** Data section follows **

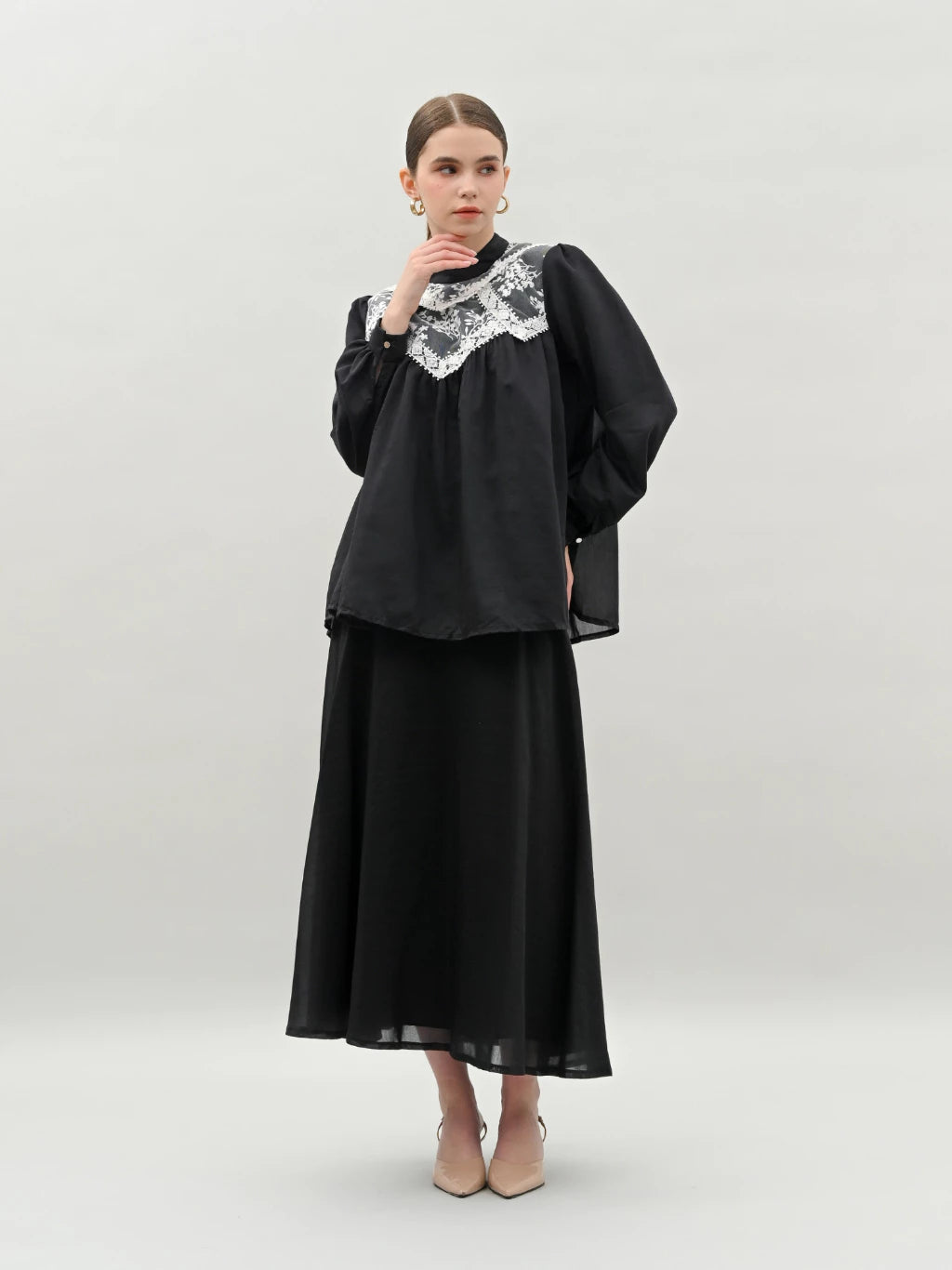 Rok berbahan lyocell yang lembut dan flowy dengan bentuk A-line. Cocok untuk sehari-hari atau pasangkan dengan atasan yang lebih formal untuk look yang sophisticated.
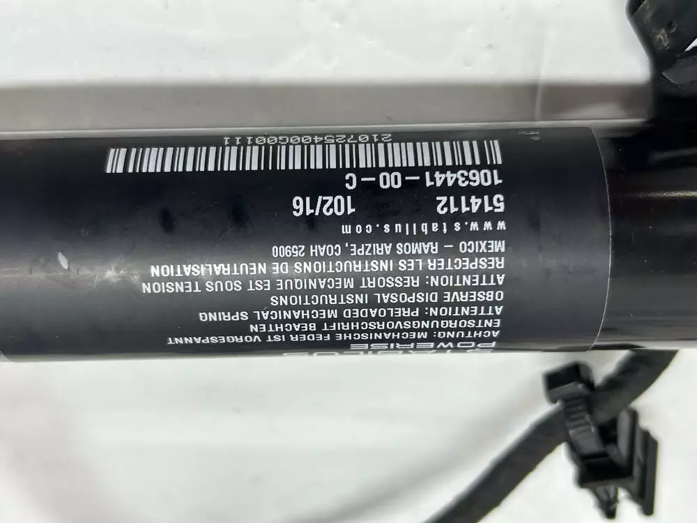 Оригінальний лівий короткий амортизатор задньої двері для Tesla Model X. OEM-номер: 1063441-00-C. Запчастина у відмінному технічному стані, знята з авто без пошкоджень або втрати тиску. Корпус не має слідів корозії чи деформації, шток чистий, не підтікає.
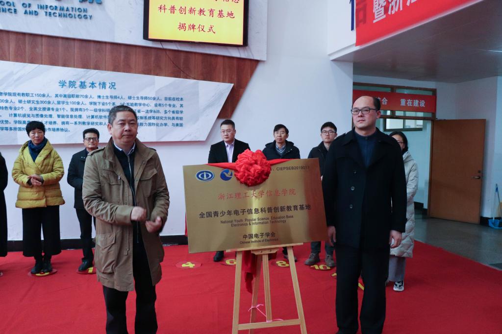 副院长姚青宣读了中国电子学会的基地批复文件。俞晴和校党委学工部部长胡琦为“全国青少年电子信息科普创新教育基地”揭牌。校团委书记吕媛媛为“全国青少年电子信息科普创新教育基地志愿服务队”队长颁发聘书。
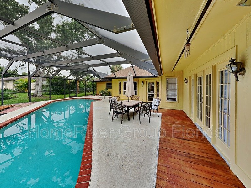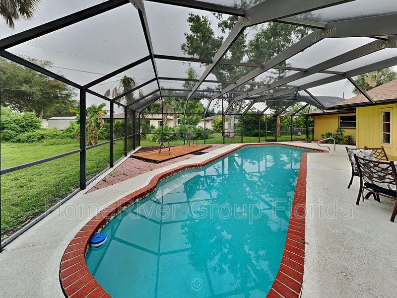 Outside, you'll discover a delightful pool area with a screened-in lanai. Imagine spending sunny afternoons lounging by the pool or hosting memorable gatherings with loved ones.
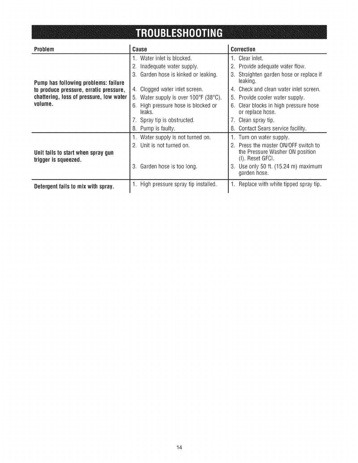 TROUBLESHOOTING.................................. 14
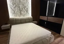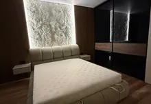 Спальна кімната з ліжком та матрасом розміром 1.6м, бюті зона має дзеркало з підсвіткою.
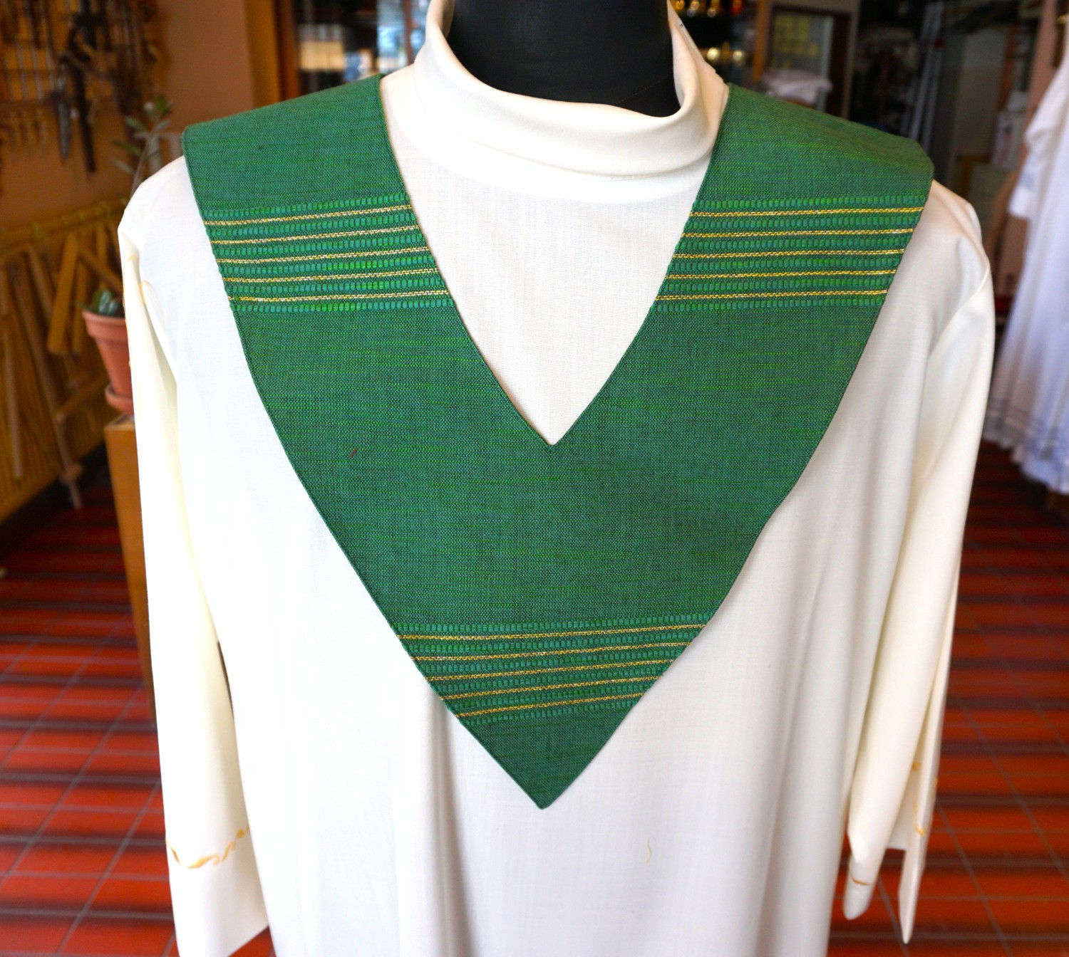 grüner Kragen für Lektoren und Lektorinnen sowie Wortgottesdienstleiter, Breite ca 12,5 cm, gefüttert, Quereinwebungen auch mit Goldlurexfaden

** End of Data section **

» Directions:
What the answer needs is every record above, exactly as written, and no pictures.

» Answer space:
 Rok berbahan lyocell yang lembut dan flowy dengan bentuk A-line. Cocok untuk sehari-hari atau pasangkan dengan atasan yang lebih formal untuk look yang sophisticated.
 Оригінальний лівий короткий амортизатор задньої двері для Tesla Model X. OEM-номер: 1063441-00-C. Запчастина у відмінному технічному стані, знята з авто без пошкоджень або втрати тиску. Корпус не має слідів корозії чи деформації, шток чистий, не підтікає.
 副院长姚青宣读了中国电子学会的基地批复文件。俞晴和校党委学工部部长胡琦为“全国青少年电子信息科普创新教育基地”揭牌。校团委书记吕媛媛为“全国青少年电子信息科普创新教育基地志愿服务队”队长颁发聘书。
 Outside, you'll discover a delightful pool area with a screened-in lanai. Imagine spending sunny afternoons lounging by the pool or hosting memorable gatherings with loved ones.
 TROUBLESHOOTING.................................. 14
 Спальна кімната з ліжком та матрасом розміром 1.6м, бюті зона має дзеркало з підсвіткою.
 grüner Kragen für Lektoren und Lektorinnen sowie Wortgottesdienstleiter, Breite ca 12,5 cm, gefüttert, Quereinwebungen auch mit Goldlurexfaden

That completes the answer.